* [The data]
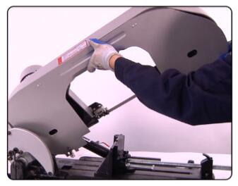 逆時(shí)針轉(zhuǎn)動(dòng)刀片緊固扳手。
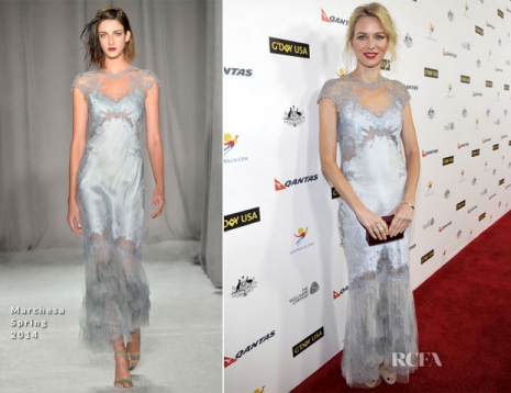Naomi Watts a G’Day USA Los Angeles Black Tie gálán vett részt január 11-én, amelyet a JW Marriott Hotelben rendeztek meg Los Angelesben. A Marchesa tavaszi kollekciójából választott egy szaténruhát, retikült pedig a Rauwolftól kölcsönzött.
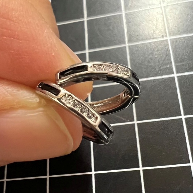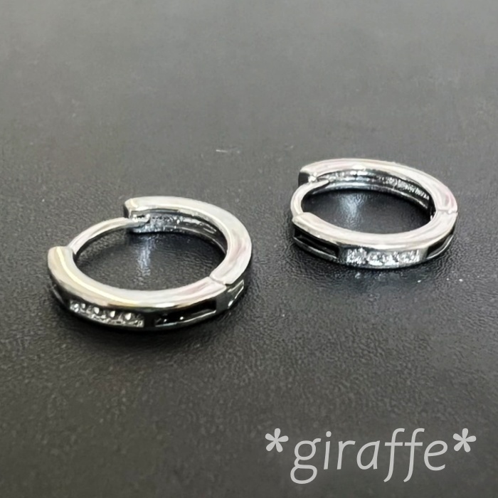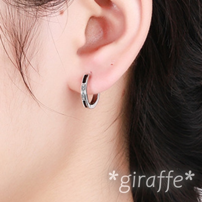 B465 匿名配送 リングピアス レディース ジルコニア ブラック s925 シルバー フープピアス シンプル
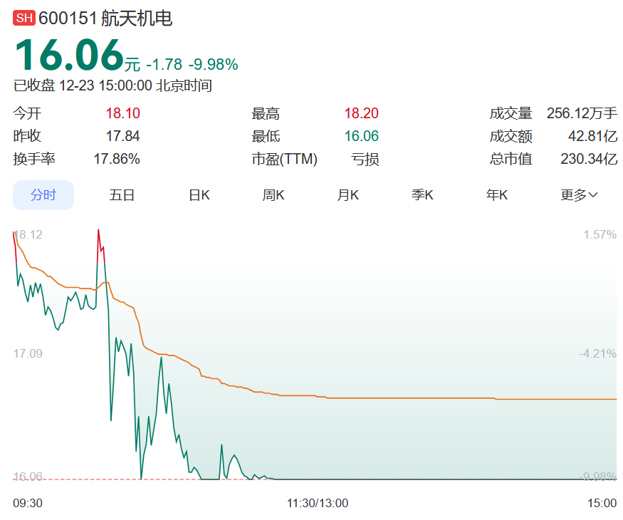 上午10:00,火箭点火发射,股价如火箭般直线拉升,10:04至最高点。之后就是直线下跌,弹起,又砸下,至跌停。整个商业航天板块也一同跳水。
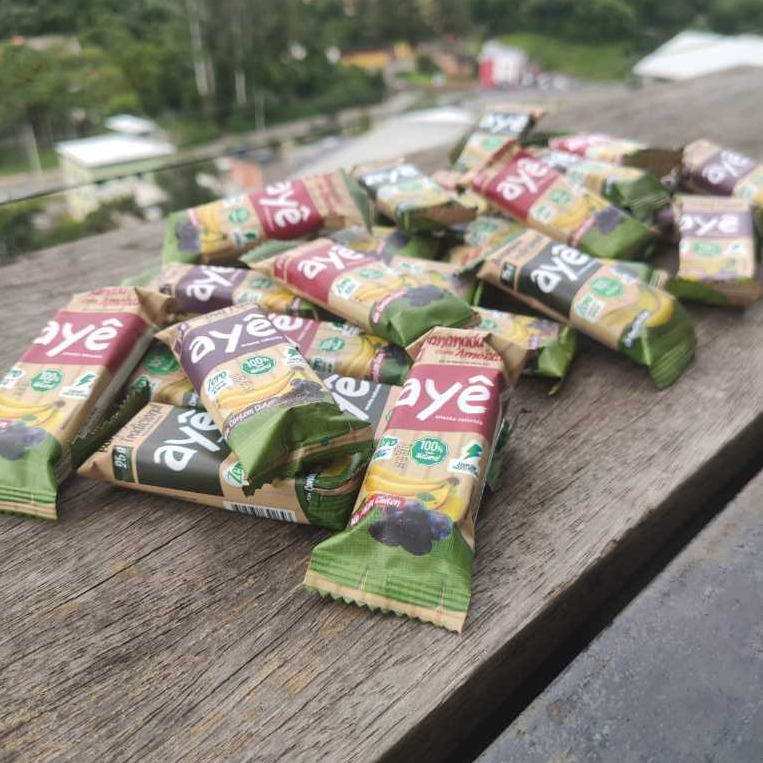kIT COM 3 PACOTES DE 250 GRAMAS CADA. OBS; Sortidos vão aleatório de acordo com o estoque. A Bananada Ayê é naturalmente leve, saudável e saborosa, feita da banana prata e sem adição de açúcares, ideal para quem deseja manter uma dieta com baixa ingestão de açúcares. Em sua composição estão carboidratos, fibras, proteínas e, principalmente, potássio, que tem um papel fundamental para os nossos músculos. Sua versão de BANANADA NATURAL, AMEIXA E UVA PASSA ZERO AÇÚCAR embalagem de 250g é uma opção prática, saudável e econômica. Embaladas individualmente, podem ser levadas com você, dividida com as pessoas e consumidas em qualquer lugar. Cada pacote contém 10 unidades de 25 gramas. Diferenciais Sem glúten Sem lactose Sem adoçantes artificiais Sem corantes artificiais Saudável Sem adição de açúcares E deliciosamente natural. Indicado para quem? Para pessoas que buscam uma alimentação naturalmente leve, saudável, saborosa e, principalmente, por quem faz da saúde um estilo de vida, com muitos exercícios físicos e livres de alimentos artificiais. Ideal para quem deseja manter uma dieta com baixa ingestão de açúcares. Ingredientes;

* [Work required]
Each line above should be set down exactly as written, with pictures excluded.

* [Result below]
 逆時(shí)針轉(zhuǎn)動(dòng)刀片緊固扳手。
Naomi Watts a G’Day USA Los Angeles Black Tie gálán vett részt január 11-én, amelyet a JW Marriott Hotelben rendeztek meg Los Angelesben. A Marchesa tavaszi kollekciójából választott egy szaténruhát, retikült pedig a Rauwolftól kölcsönzött.
 B465 匿名配送 リングピアス レディース ジルコニア ブラック s925 シルバー フープピアス シンプル
 上午10:00,火箭点火发射,股价如火箭般直线拉升,10:04至最高点。之后就是直线下跌,弹起,又砸下,至跌停。整个商业航天板块也一同跳水。
kIT COM 3 PACOTES DE 250 GRAMAS CADA. OBS; Sortidos vão aleatório de acordo com o estoque. A Bananada Ayê é naturalmente leve, saudável e saborosa, feita da banana prata e sem adição de açúcares, ideal para quem deseja manter uma dieta com baixa ingestão de açúcares. Em sua composição estão carboidratos, fibras, proteínas e, principalmente, potássio, que tem um papel fundamental para os nossos músculos. Sua versão de BANANADA NATURAL, AMEIXA E UVA PASSA ZERO AÇÚCAR embalagem de 250g é uma opção prática, saudável e econômica. Embaladas individualmente, podem ser levadas com você, dividida com as pessoas e consumidas em qualquer lugar. Cada pacote contém 10 unidades de 25 gramas. Diferenciais Sem glúten Sem lactose Sem adoçantes artificiais Sem corantes artificiais Saudável Sem adição de açúcares E deliciosamente natural. Indicado para quem? Para pessoas que buscam uma alimentação naturalmente leve, saudável, saborosa e, principalmente, por quem faz da saúde um estilo de vida, com muitos exercícios físicos e livres de alimentos artificiais. Ideal para quem deseja manter uma dieta com baixa ingestão de açúcares. Ingredientes;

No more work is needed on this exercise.